Task to carry out –
Look in the data below for the line that has "Designed in Los", then print exactly every line from there through the line that has "Here’s what’s happening", leaving pictures out.
[[ Data for this task open ]]
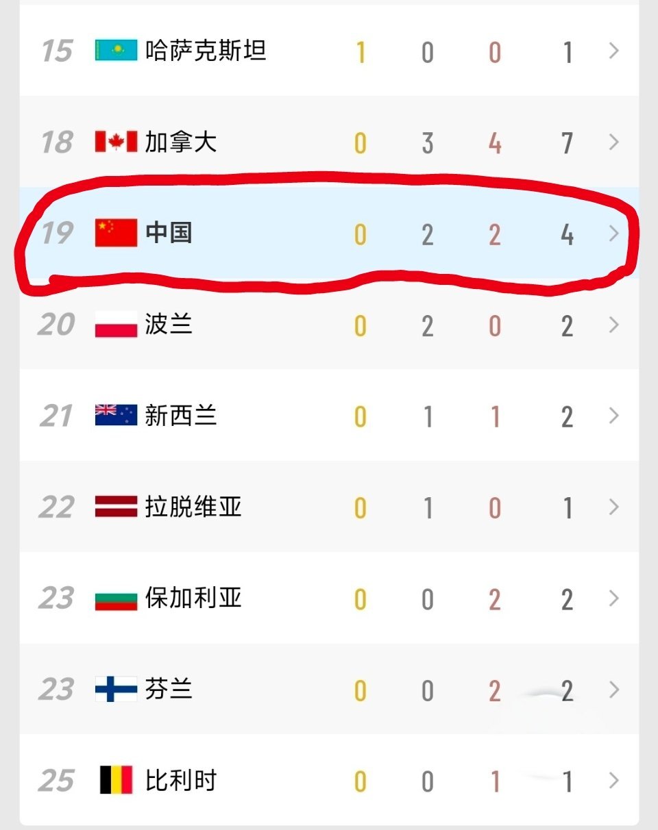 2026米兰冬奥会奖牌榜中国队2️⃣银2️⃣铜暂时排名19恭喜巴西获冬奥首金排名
[[ Data for this task closed ]]
[[ Data for this task open ]]
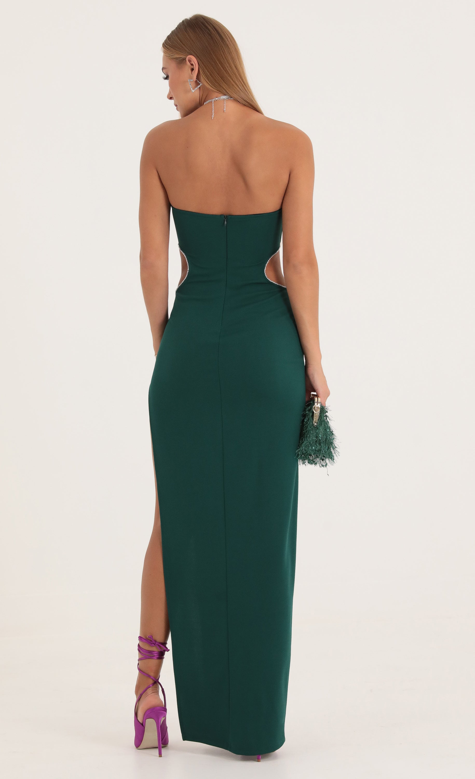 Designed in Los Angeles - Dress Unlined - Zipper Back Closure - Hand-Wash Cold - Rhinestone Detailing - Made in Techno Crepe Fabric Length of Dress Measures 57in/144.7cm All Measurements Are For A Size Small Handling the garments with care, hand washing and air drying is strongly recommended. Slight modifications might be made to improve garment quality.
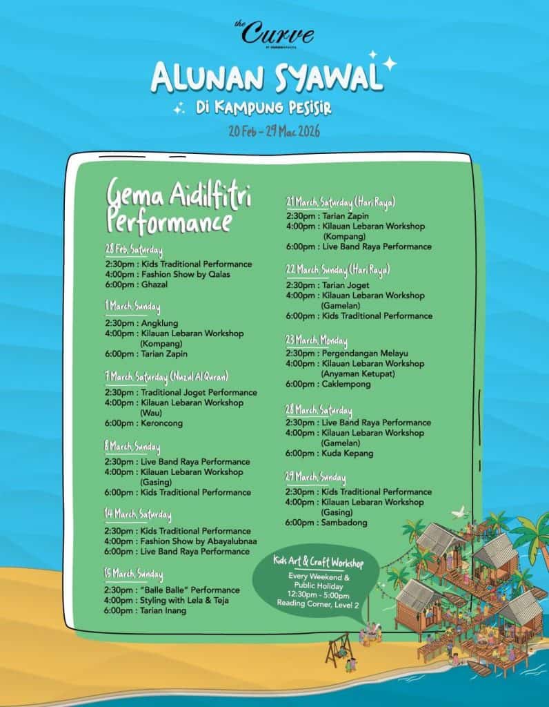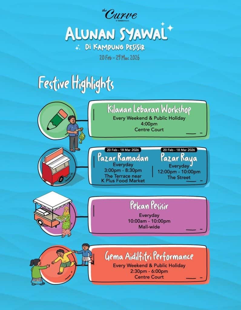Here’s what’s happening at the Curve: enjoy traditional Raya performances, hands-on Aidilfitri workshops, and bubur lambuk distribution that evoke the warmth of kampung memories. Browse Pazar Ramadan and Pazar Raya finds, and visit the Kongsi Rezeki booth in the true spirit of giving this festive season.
[[ Data for this task closed ]]
Written solution –
 Designed in Los Angeles - Dress Unlined - Zipper Back Closure - Hand-Wash Cold - Rhinestone Detailing - Made in Techno Crepe Fabric Length of Dress Measures 57in/144.7cm All Measurements Are For A Size Small Handling the garments with care, hand washing and air drying is strongly recommended. Slight modifications might be made to improve garment quality.
Here’s what’s happening at the Curve: enjoy traditional Raya performances, hands-on Aidilfitri workshops, and bubur lambuk distribution that evoke the warmth of kampung memories. Browse Pazar Ramadan and Pazar Raya finds, and visit the Kongsi Rezeki booth in the true spirit of giving this festive season.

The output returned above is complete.